## WORK REQUIRED:
The line containing "Вращения шли гораздо" marks the end: extract everything from the first line of the data through that line, exactly, with no pictures.

## SUPPLIED MATERIAL:
= = =

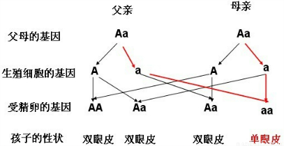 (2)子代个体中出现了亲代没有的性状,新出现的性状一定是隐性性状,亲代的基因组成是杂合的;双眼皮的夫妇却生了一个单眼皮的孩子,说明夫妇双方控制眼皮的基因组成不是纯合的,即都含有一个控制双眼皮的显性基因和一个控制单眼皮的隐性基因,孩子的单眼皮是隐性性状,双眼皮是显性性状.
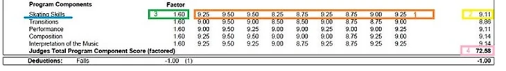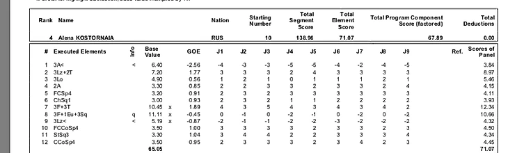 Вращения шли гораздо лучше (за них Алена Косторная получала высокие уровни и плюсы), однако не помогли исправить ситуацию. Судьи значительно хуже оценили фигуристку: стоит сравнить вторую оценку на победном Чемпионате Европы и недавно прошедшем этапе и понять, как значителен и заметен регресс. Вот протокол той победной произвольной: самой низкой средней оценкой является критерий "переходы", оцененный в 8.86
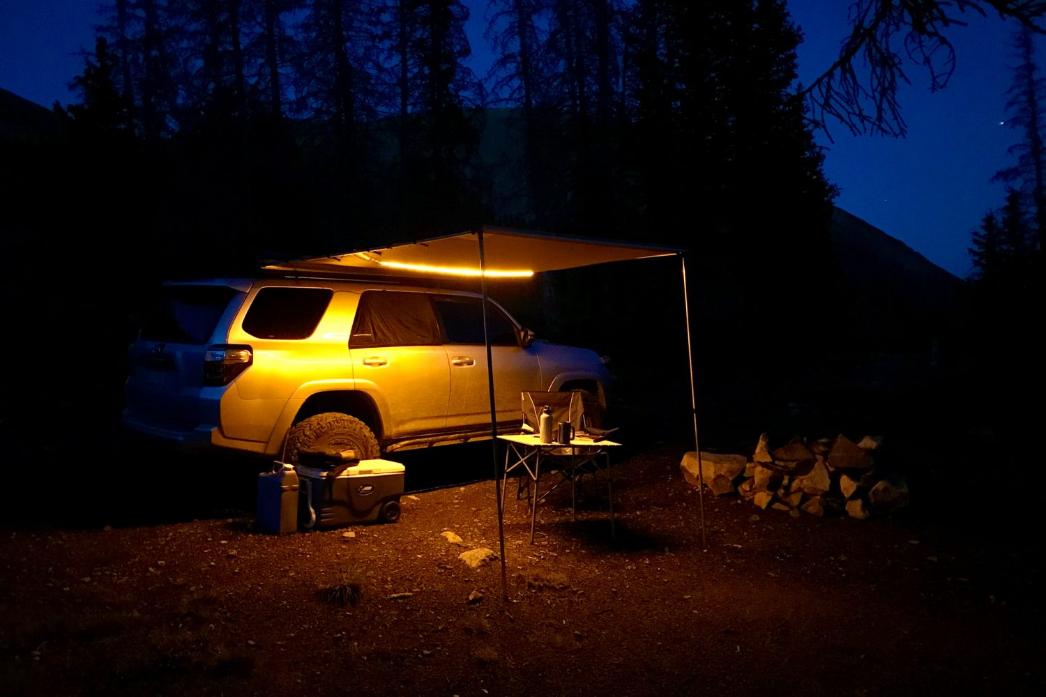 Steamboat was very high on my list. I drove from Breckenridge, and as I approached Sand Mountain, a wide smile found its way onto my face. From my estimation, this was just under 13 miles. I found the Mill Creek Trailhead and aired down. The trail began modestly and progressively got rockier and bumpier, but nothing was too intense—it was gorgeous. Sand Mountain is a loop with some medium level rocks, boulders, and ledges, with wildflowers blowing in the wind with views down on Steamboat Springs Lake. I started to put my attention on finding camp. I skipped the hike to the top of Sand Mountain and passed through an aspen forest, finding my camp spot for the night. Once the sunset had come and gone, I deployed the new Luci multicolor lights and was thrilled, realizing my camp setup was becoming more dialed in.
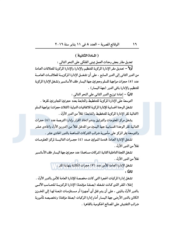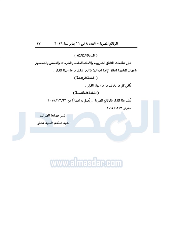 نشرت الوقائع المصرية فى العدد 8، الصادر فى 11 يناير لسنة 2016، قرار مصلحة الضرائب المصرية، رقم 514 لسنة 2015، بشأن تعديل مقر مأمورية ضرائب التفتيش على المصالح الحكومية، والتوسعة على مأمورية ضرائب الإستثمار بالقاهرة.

= = =

## YOUR RESPONSE:
 (2)子代个体中出现了亲代没有的性状,新出现的性状一定是隐性性状,亲代的基因组成是杂合的;双眼皮的夫妇却生了一个单眼皮的孩子,说明夫妇双方控制眼皮的基因组成不是纯合的,即都含有一个控制双眼皮的显性基因和一个控制单眼皮的隐性基因,孩子的单眼皮是隐性性状,双眼皮是显性性状.
 Вращения шли гораздо лучше (за них Алена Косторная получала высокие уровни и плюсы), однако не помогли исправить ситуацию. Судьи значительно хуже оценили фигуристку: стоит сравнить вторую оценку на победном Чемпионате Европы и недавно прошедшем этапе и понять, как значителен и заметен регресс. Вот протокол той победной произвольной: самой низкой средней оценкой является критерий "переходы", оцененный в 8.86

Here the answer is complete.